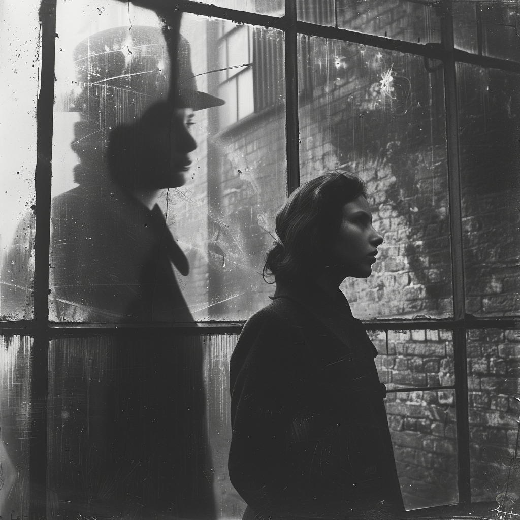 Doch der eigentliche Fokus liegt nicht in der Präsenz der Frau, sondern in der schattenhaften, fast geisterhaften Gestalt, die sich links von ihr, als eine zweite, unscharfe Realität, in der Scheibe spiegelt. Diese Silhouette, deren stummer, unergründlicher Blick sich an den der Frau heftet, ist die Silhouette – ein Phantom der Erinnerung, ein verletzter Teil der Vergangenheit oder die innere, schattenhafte Seite ihrer eigenen Seele. Die Komposition ist ein meisterhaftes Spiel mit der Ambivalenz: Das Spiegelbild zeigt uns, was wir nicht sehen, enthüllt eine verborgene Wahrheit, die die gesamte Erzählung auf den Kopf stellt.
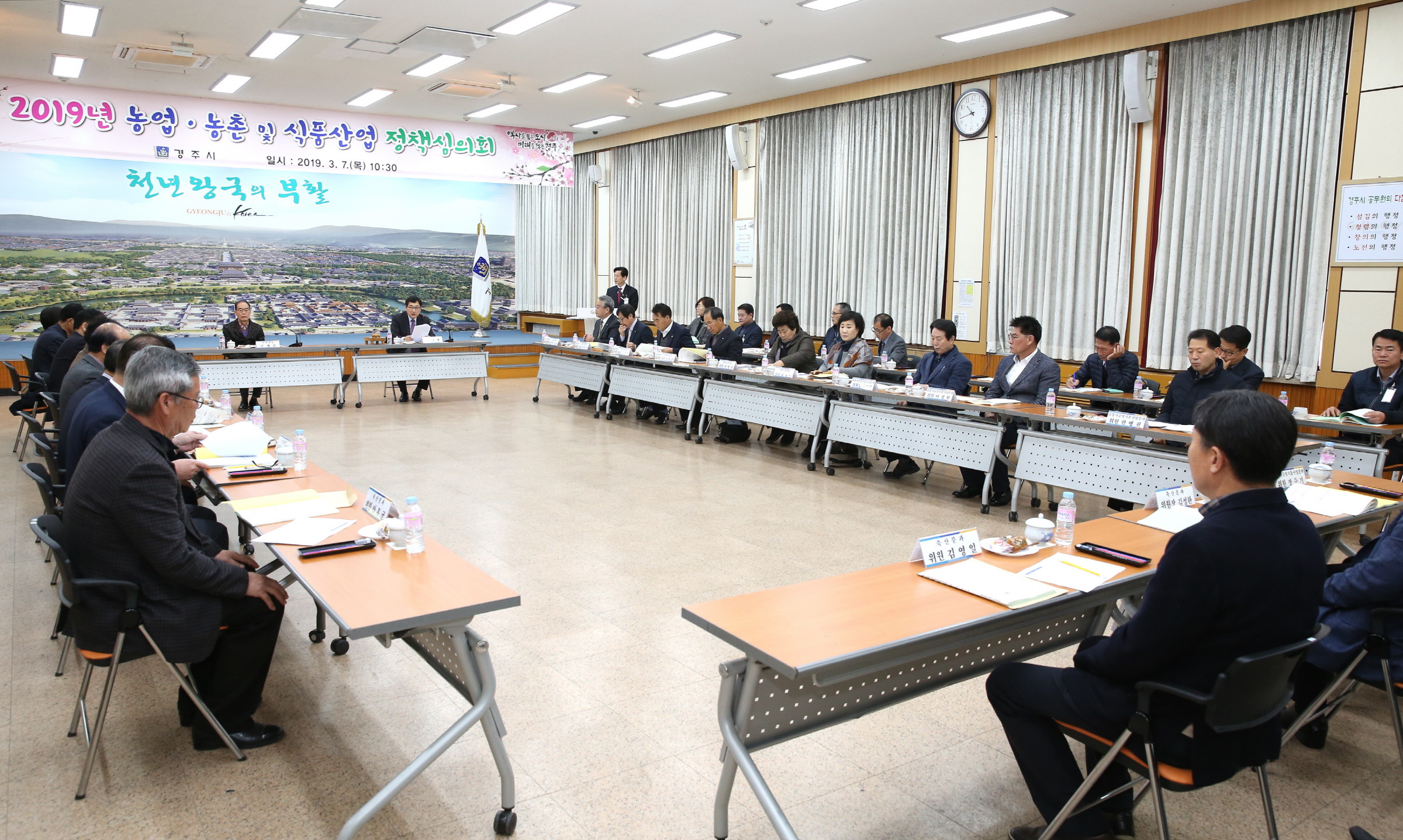 시는 7일 대회의실에서 주낙영 경주시장을 비롯해 농업분야 기관단체장과 각 분야별 전문가로 구성된 심의위원 26명이 참석한 가운데 ‘ 농업·농촌 및 식품산업 정책심의회’를 열었다.
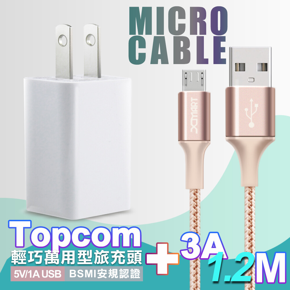 電池王 MICRO USB 輕巧充電組(旅充頭+ Micro 3A閃充編織傳輸線-120CM-粉)
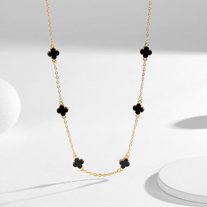 Lanmi jeweIr.yyy Kalung Rantai Berlapis em4.sss Semanggi Empat Daun Aksesoris p3rh1asann Fashion Wanita Dewasa Baja Taha

Task to complete >>
Would you please set down the data above again exactly, without its pictures?

Response to this task >>
 Doch der eigentliche Fokus liegt nicht in der Präsenz der Frau, sondern in der schattenhaften, fast geisterhaften Gestalt, die sich links von ihr, als eine zweite, unscharfe Realität, in der Scheibe spiegelt. Diese Silhouette, deren stummer, unergründlicher Blick sich an den der Frau heftet, ist die Silhouette – ein Phantom der Erinnerung, ein verletzter Teil der Vergangenheit oder die innere, schattenhafte Seite ihrer eigenen Seele. Die Komposition ist ein meisterhaftes Spiel mit der Ambivalenz: Das Spiegelbild zeigt uns, was wir nicht sehen, enthüllt eine verborgene Wahrheit, die die gesamte Erzählung auf den Kopf stellt.
 시는 7일 대회의실에서 주낙영 경주시장을 비롯해 농업분야 기관단체장과 각 분야별 전문가로 구성된 심의위원 26명이 참석한 가운데 ‘ 농업·농촌 및 식품산업 정책심의회’를 열었다.
 電池王 MICRO USB 輕巧充電組(旅充頭+ Micro 3A閃充編織傳輸線-120CM-粉)
 Lanmi jeweIr.yyy Kalung Rantai Berlapis em4.sss Semanggi Empat Daun Aksesoris p3rh1asann Fashion Wanita Dewasa Baja Taha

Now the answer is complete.